The GSV estimation model developed in this study, which incorporates stand density, demonstrated satisfactory accuracy when applied to Kunming City. The key findings are as follows:

(1)

The total GSV in Kunming was estimated at 1.01 × 10⁸ m³. Validation against national forest inventory data confirmed the reliability of the results (R² = 0.727);

(2)

The integration of stand density into the GSV estimation model significantly improved overall accuracy. Specifically, it elevated R² from 0.565 to 0.727 and notably reduced the RMSE and MAE values. This result highlights the critical role of stand density as an explanatory variable, particularly in heterogeneous forest environments, and supports its inclusion to enhance model robustness at large scales;

(3)

Spatial analyses at both the species and administrative levels revealed significant heterogeneity in GSV distribution. This study provides a novel technical approach for supporting national forest inventory efforts and offers a cost-effective, efficient, and accurate method for regional GSV estimation. It also provides valuable decision-making support for forest resource management in Kunming City.

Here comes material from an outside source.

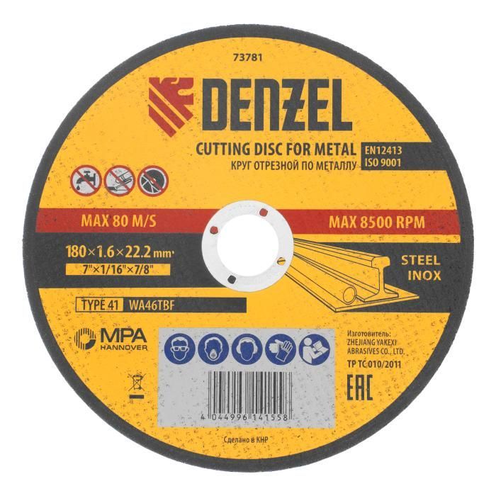 Круг отрезной по металлу, 180 х 1,6 х 22,2 мм, WA46TBF// Denzel, 73781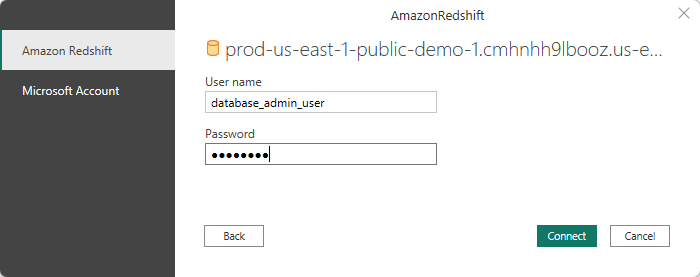 Enter the database username and password. This is an assigned redshift database user and will not be a credentialed One Model user.

Although key variables were identified through feature importance analysis, further optimization of the feature selection process remains warranted. Future studies may incorporate methods such as L1 regularization or principal component analysis (PCA) to mitigate the effects of multicollinearity. With ongoing advancements in remote sensing and phenological observation technologies, the use of high-resolution time-series data is expected to further enhance model performance. In addition, to address error accumulation in GSV estimation, greater emphasis should be placed on data quality control and model parameter optimization to reduce the influence of uncertainty on final outcomes.